Current assignee: NXM Labs Canada Inc
Priority date: 2017-11-08
Filing date: 2018-11-07
Publication date: 2019-05-09

Abstract

A computing device comprises a processor module executing software to conduct a transaction, a networking module enabling connections to a peer-to-peer network, and an ASIC coupled to the processor module and the networking module. The ASIC comprises a blockchain server, an encryption module, and a memory storing a distributed ledger. The ASIC performs a calculation of a memory block within a predetermined minimum time and a predetermined maximum time. The block is stored in the distributed ledger by the blockchain server and is transmitted to the peer-to-peer network by the networking module.

Description

CROSS REFERENCE TO RELATED APPLICATIONS

This application claims priority to U.S. Provisional Application No. 62/583,231, filed Nov. 8, 2017, which is hereby incorporated by reference herein in its entirety

BACKGROUND OF THE INVENTION

Field of the Invention

The present invention relates to electronically verifying the identify of devices and people and more particularly to using blockchain technology to store and manage identify information.
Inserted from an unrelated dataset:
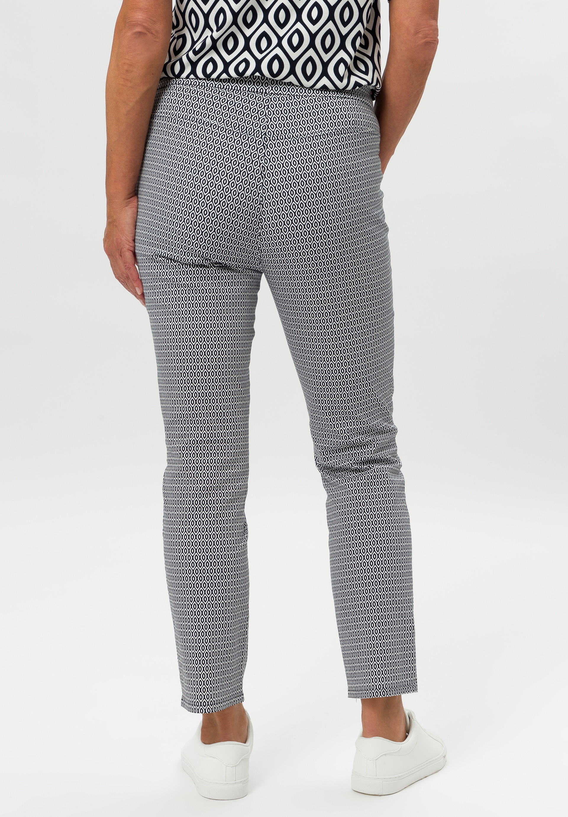 Diese Hose bietet einen modernen Look mit dynamischem Allover-Muster. Der schmale Schnitt und elastische Bund sorgen für angenehmen Tragekomfort und betonen die Figur. Perfekt kombinierbar für Büro und Freizeit.

Description of Related Art

There are many applications where it is required to confirm the identity of a person. These include conducting banking transactions, receiving government services, checking into a flight, crossing a national border, and many more. Most people own and carry one or several personal digital devices that they use to conduct or may aid in these transactions. This is typically done using explicit authentication such as requiring a username and password, a pass key, drawing a pattern, requiring biometric information, or other means as known in the art. It may also be done using implicit authentication that monitors how or where the device is being used and determining if it matches the user's typical usage pattern.
Recently, there has also been a great increase in the number of smart, networked devices referred to as IoT (Internet of Things) devices. These devices interface with user mobile devices, computers, and infrastructure. Many applications would benefit from having confidence or require confidence as to the identity of the IoT devices that they are in communication with.
Some effort can be made to verify the identity of a device based on information such as browser used, location and other factors but there is presently no way to ensure that this information is accurate and that it corresponds to a particular device as opposed to a similar device or a device that is spoofing the factors being evaluated. There are several challenges related to verifying identities on resource constrained, mobile, IoT, or intermittently online devices. One is that device identity cannot be verified by the device itself and may have to be checked against a central database which may be difficult to do in a timely manner due to network connectivity constraints. Furthermore, many resource constrained devices do not have sufficient computing power to perform required secure encryption calculations in a timely manner. There exists a need for systems and methods to verify the identity of devices without the need for centralized databases and servers that may be disconnected from resource constrained, mobile, IoT or intermittently online devices. As well, it must be feasible for any calculations that must be performed by the user device to be done in a timely manner within the computing constraints of the device.
Once the identity of a device has been verified in a trustworthy manner this information can be used as a factor in verifying the identity of a user to some degree of confidence. The methods used can be similar to those of verifying the device identity with similar drawbacks and constraints as outlined above.
Other aspects and features of the present invention will become apparent to those ordinarily skilled in the art upon review of the following description of specific embodiments of the invention.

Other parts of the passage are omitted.